Parentheses are another special character in regular expressions. When you add
parentheses to a regular expression, they are ignored when matching the string.
But when you are using `re.findall()`, parentheses indicate that while you want the
whole expression to match, you only are interested in extracting a portion of the
substring that matches the regular expression.

In [None]:
string = 'I am looking for three letter words.'
pattern = '\s(...)\s'
re.findall(pattern, string)

Now, let's understand the expression `[0-9]+` we saw previously.

- The first step is to understands sets `[ ]`
- The second step is to understand range `[0-9]`
- The third step is to understand is the `+` character.

**Step 1:** A set matches a single character. For example the set `[0123456789]` matches `0` or `1` or `2` or `3` or `4` or `5` or `6` or `7` or `8` or `9`. It does not
match `0123456789`.

In [None]:
# Find single digits
string = '2, 5 and 7 are odd numbers.'
pattern = '[0123456789]'
re.findall(pattern, string)

| | | | | | |
|:-:|:-:|:-:|:-:|:-:|:-:|
| | | | | | |
|Pattern|`[0123456789]` |
||&#8595;|
|String| `2`|

What happens if the same pattern is applied to two-digit numbers?

In [None]:
string = '11, 13 and 15 are odd numbers.'
pattern = '[0123456789]'
re.findall(pattern, string)

Since the pattern `[0123456789]` matches single characters, it will match the digits in `11` but as two separate matches. Therefore the return is `['1', '1', ...]` instead of `['11', ...]`.

To match two-digit numbers we can simply use the pattern twice.

In [None]:
string = '11, 13 and 15 are odd numbers.'
pattern = '[0123456789][0123456789]'
re.findall(pattern, string)

| | | | | | |
|:-:|:-:|:-:|:-:|:-:|:-:|
| | | | | | |
|Pattern|`[0123456789]` |`[0123456789]` |
||&#8595;|&#8595;|
|String| `1`|`1`|

Probably, you are thinking `[0123456789]` is quite verbose. What if we want to match all letters? Do we have to write `[abcdefghijklmnopqrstuvwxyz]`?

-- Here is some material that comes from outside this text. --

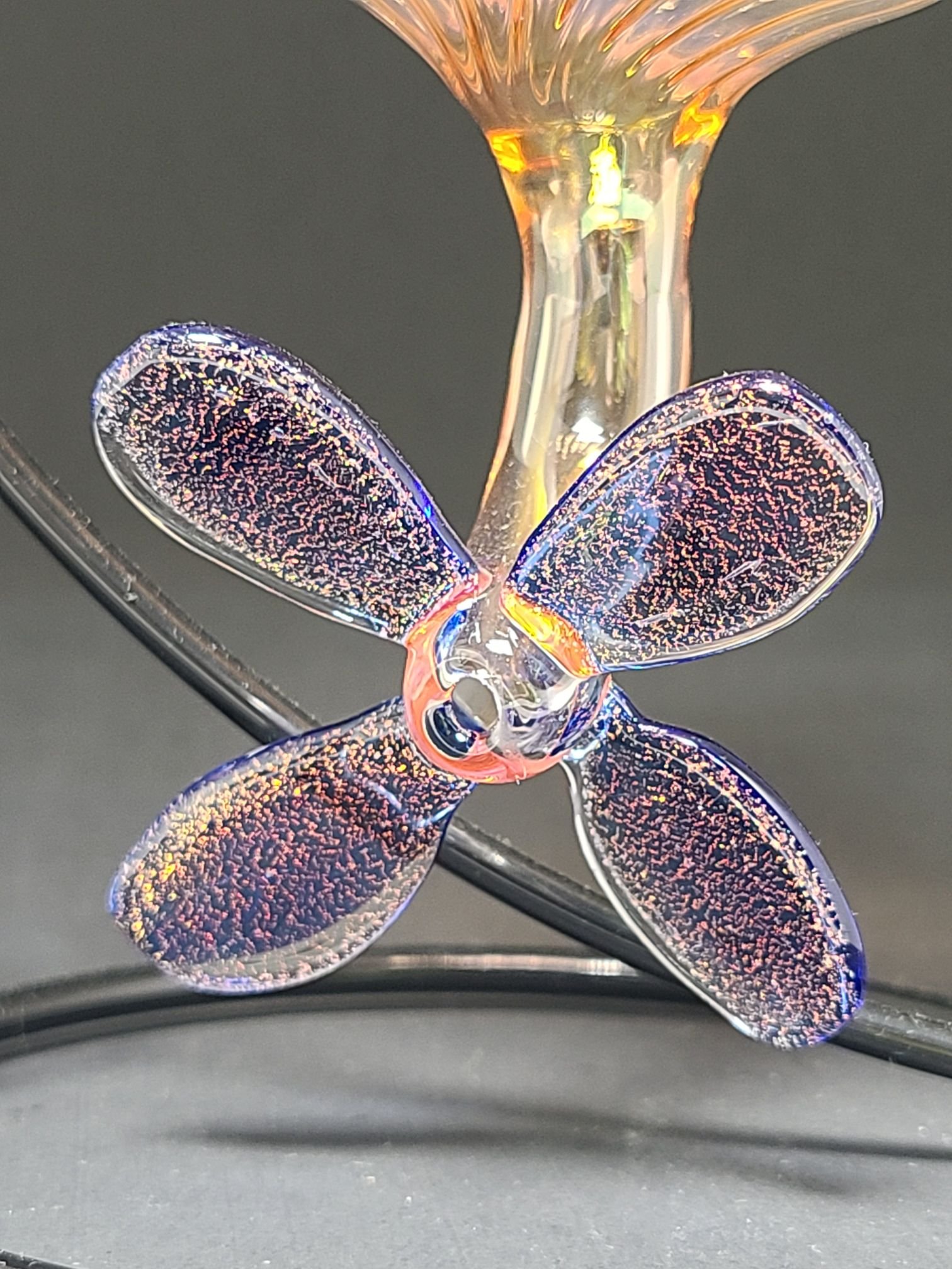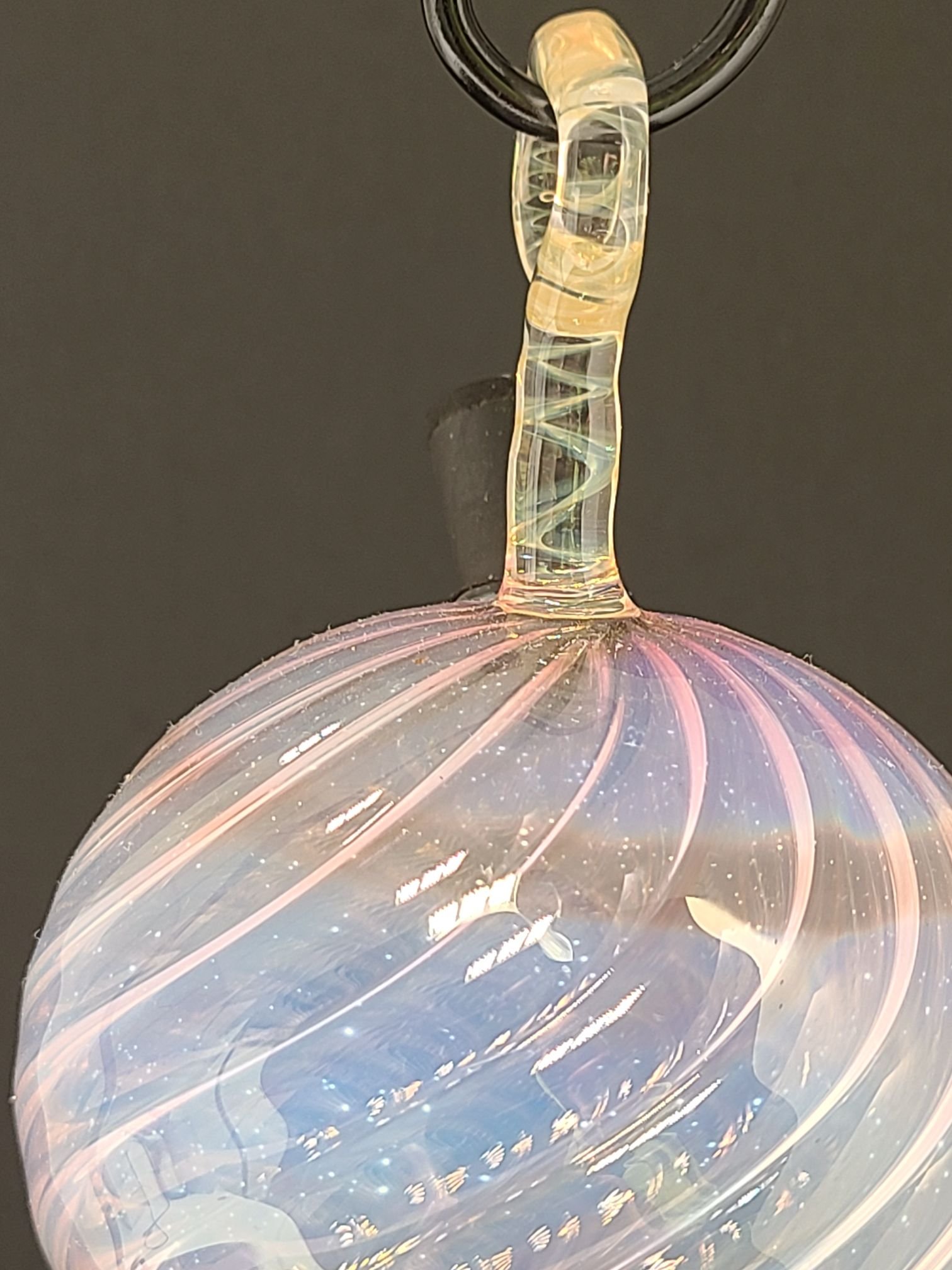 Hand Flame-Worked Borosilicate Glass Hummingbird Feeder — Silver & Gold Fumed with Dichroic Accents

**Step 2:** That would be a nightmare but luckily we can define a range for common sets.
- `[0123456789]` can be represented as `[0-9]`
- Lower case letters `[a-z]`
- Upper case letters `[A-Z]`

In [None]:
# Single digit with range
string = '2, 5 and 7 are odd numbers.'
pattern = '[0-9]'
re.findall(pattern, string)

In [None]:
# Two digits with range
string = '11, 13 and 15 are odd numbers.'
pattern = '[0-9][0-9]'
re.findall(pattern, string)

**Task 2**

Here is your second task. Define a pattern that returns lower case and upper case letters in a string.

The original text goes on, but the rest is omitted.